What you should do
Each line from the one with "他认为,在自己专业领域之外的" through the last line of the records must be output exactly, both ends included.

Source records
--*--

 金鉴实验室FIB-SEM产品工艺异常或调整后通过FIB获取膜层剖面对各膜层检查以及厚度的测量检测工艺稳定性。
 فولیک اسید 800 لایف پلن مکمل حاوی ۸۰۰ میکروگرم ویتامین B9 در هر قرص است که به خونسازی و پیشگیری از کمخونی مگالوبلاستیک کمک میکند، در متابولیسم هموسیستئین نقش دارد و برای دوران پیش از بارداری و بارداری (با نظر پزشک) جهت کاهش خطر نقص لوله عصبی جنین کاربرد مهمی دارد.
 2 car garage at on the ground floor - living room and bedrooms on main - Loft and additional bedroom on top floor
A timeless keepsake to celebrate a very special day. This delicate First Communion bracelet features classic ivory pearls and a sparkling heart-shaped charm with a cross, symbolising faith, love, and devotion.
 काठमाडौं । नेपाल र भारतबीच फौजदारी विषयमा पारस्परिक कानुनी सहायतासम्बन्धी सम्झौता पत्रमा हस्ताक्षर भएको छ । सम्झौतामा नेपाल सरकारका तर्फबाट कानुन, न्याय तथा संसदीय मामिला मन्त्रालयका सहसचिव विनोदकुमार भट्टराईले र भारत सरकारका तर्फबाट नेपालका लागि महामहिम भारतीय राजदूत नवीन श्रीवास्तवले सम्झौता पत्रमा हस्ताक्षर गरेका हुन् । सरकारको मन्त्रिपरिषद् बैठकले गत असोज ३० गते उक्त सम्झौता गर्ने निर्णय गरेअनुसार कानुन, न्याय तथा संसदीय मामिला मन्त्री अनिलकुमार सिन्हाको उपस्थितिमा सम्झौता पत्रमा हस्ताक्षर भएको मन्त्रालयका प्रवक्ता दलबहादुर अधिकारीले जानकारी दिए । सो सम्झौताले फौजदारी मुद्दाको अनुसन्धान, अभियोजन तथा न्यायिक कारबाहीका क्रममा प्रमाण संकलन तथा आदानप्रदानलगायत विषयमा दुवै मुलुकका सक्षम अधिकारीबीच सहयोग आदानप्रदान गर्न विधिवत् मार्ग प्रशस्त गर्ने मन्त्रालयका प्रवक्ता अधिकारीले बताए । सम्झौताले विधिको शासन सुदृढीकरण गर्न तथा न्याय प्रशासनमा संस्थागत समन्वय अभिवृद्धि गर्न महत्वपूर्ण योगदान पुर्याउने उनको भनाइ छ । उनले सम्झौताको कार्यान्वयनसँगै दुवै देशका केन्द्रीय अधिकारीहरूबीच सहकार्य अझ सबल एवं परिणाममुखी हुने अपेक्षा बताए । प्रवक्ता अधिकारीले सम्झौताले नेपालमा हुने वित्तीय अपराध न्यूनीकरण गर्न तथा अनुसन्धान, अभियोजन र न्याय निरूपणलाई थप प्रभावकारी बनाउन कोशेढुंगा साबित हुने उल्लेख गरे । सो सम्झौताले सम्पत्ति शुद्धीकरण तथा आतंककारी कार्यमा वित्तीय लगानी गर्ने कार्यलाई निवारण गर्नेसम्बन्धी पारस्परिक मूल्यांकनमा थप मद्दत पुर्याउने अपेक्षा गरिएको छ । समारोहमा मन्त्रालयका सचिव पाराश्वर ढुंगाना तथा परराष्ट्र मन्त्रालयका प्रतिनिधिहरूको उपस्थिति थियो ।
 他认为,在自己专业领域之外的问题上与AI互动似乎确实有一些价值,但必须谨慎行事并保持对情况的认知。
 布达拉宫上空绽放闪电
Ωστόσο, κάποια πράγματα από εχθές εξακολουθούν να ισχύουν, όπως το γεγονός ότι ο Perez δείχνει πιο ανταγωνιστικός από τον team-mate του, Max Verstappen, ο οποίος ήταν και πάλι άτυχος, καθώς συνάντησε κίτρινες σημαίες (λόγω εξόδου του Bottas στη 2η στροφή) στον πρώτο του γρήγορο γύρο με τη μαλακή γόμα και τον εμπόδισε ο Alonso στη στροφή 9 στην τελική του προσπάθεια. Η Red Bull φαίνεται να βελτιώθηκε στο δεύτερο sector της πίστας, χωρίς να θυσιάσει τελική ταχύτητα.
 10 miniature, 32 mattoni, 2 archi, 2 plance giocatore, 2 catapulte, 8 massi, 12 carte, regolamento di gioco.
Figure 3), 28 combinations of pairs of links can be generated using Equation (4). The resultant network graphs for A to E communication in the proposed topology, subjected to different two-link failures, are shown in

--*--

Response to the exercise
 他认为,在自己专业领域之外的问题上与AI互动似乎确实有一些价值,但必须谨慎行事并保持对情况的认知。
 布达拉宫上空绽放闪电
Ωστόσο, κάποια πράγματα από εχθές εξακολουθούν να ισχύουν, όπως το γεγονός ότι ο Perez δείχνει πιο ανταγωνιστικός από τον team-mate του, Max Verstappen, ο οποίος ήταν και πάλι άτυχος, καθώς συνάντησε κίτρινες σημαίες (λόγω εξόδου του Bottas στη 2η στροφή) στον πρώτο του γρήγορο γύρο με τη μαλακή γόμα και τον εμπόδισε ο Alonso στη στροφή 9 στην τελική του προσπάθεια. Η Red Bull φαίνεται να βελτιώθηκε στο δεύτερο sector της πίστας, χωρίς να θυσιάσει τελική ταχύτητα.
 10 miniature, 32 mattoni, 2 archi, 2 plance giocatore, 2 catapulte, 8 massi, 12 carte, regolamento di gioco.
Figure 3), 28 combinations of pairs of links can be generated using Equation (4). The resultant network graphs for A to E communication in the proposed topology, subjected to different two-link failures, are shown in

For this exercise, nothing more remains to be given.